准备四台虚拟机,使用centos7操作系统,搭建集群系统。
先搭建好一台虚拟机的环境,其他机器克隆就行。
虚拟机参数:
如果网络连接不成功,可以配置试试这篇博客https://blog.csdn.net/duyuanjun123/article/details/119833105
第一次我的网络一直连不通是因为初始化系统时我没把网络连接开开在初始化操作系统的时候注意一下。
在虚拟机中使用ip addr命令查看虚拟机ip
因为虚拟机操作多少有点不方便,所以使用xshell或者fianlshell 连接
连接成功配置一下yum源
下载wget命令
yum install wget -y
备份旧的yum仓库源
cd /etc/yum.repos.d
mkdir repobak # 创建文件夹,保存备份文件
mv *.repo repobak #备份repo文件到文件
清理旧包
~yum clean all
下载新的阿里的yum源仓库,阿里的开源镜像:https://developer.aliyun.com/mirror/
wget -O /etc/yum.repos.d/CentOS-Base.repo http://mirrors.aliyun.com/repo/Centos-7.repo
继续下载第二个仓库 epel仓库
wget -O /etc/yum.repos.d/epel.repo http://mirrors.aliyun.com/repo/epel-7.repo
生成yum源缓存并更新yum源
yum makecache
yum update
# 1、卸载旧的版本
yum remove docker \
docker-client \
docker-client-lastest \
docker-common \
docker-latest \
docker-latest-logrotate \
docekr-engine
# 2、需要的安装包
yum install -y yum-utils
# 3、设置镜像仓库 (阿里云镜像)
yum-config-manager --add-repo http://mirrors.aliyun.com/docker-ce/linux/centos/docker-ce.repo
# 更新yum软件包索引
yum makecache fast
# 4、安装docker相关的内容 docker-ce 社区办 ee企业版
yum install docker-ce docker-ce-cli containerd.io
# 5、启动docker
systemctl start docker
# 6、测试docker是否启动成功
docker -version
配置安装源地址
cat <<EOF > /etc/yum.repos.d/kubernetes.repo
[kubernetes]
name=Kubernetes
baseurl=https://mirrors.aliyun.com/kubernetes/yum/repos/kubernetes-el7-x86_64
enabled=1
gpgcheck=1
repo_gpgcheck=1
gpgkey=https://mirrors.aliyun.com/kubernetes/yum/doc/yum-key.gpg https://mirrors.aliyun.com/kubernetes/yum/doc/rpm-package-key.gpg
EOF
如下出现错误
[Errno -1] repomd.xml signature could not be verified for kubernetes
则是 repo 的 gpg 验证不通过导致的,可以修改repo_gpgcheck=0
跳过验证。
最后,安装Kubernetes的关键组件。
setenforce o
yum install -y kubelet kubeadm kubectl
# 启动kubelet、kubeadm、kubectl服务 kubeadm将使用kubelet服务以容器的方式部署和启动Kubernetes的主要服务,所以需要先启动kubelet服务。

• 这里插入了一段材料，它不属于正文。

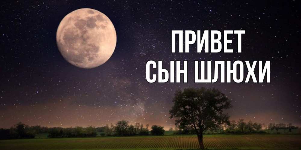Открытка Привет Сын шлюхи. луна и дерево ночью. ночные открытки с луной

systemctl enable kubelet && systemctl start kubelet
克隆出node1节点
所有节点关闭Selinux、iptables、swap分区
systemctl stop firewalld
systemctl disable firewalld
iptables -F && iptables -X && iptables -F -t nat && iptables -X -t nat
iptables -P FORWARD ACCEPT
swapoff -a
sed -i '/ swap / s/^\(.*\)$/#\1/g' /etc/fstab
setenforce 0
sed -i 's/^SELINUX=.*/SELINUX=disabled/' /etc/selinux/config
拉取kubernetes默认配置
kubeadm config print init-defaults > init-config.yaml
打开该文件查看,发现配置的镜像仓库如下:
imageRepository: k8s.gcr.io
该镜像仓库如果连不上,可以用国内的镜像代替:imageRepository: registry.aliyuncs.com/google_containers
打开init-config.yaml,然后进行相应的修改,可以指定kubernetesVersion版本,pod的选址访问等。
kubernetes镜像拉取
kubeadm config images pull --config=init-config.yaml
采用国内镜像的方案,由于coredns的标签问题,会导致拉取coredns:v1.8.4拉取失败,这时候我们可以手动拉取,并自己打标签。失败信息如下:
**解决方案:**手动拉取镜像
从docker hub上手动拉取镜像:
docker pull registry.aliyuncs.com/google_containers/coredns:1.8.4
修改标签:
# 重命名
docker tag registry.aliyuncs.com/google_containers/coredns:1.8.4 registry.aliyuncs.com/google_containers/coredns:v1.8.4
# 删除原有镜像
docker rmi registry.aliyuncs.com/google_containers/coredns:1.8.4
以下是镜像默认的标签:v1.8.4 ,而在镜像中的标签是1.8.4,所以会导致拉取失败。
运行kubeadm init安装master节点
kubeadm init --apiserver-advertise-address 192.168.10.3 --apiserver-bind-port=6443 --pod-network-cidr=10.244.0.0/16 --service-cidr=10.96.0.0/12 --kubernetes-version=1.24.1 --image-repository registry.aliyuncs.com/google_containers
如下报错解决方案
the number of available CPUs 1 is less than the required 2
[ERROR CRI]: container runtime is not running: output: time="2021-08-17T22:43:15+08:00" level=fatal msg="getting status of runtime: rpc error: code = Unimplemented desc = unknown service runtime.v1alpha2.RuntimeService"
解决方案:
rm /etc/containerd/config.toml
systemctl restart containerd
kubeadm init安装失败后需要重新执行,此时要先执行kubeadm reset命令。
若出现下面问题
Unable to connect to the server: x509: certificate signed by unknown authority (possibly because of "crypto/rsa: verification error" while trying to verify candidate authority certificate "kubernetes")
解决办法
mkdir -p $HOME/.kube
sudo cp -i /etc/kubernetes/admin.conf $HOME/.kube/config
sudo chown $(id -u):$(id -g) $HOME/.kube/config
再次尝试安装出现如下问题
The HTTP call equal to ‘curl -sSL http://localhost:10248/healthz’ failed with error: Get “http://localhost:10248/healthz”: dial tcp [::1]:10248: connect: connection refused.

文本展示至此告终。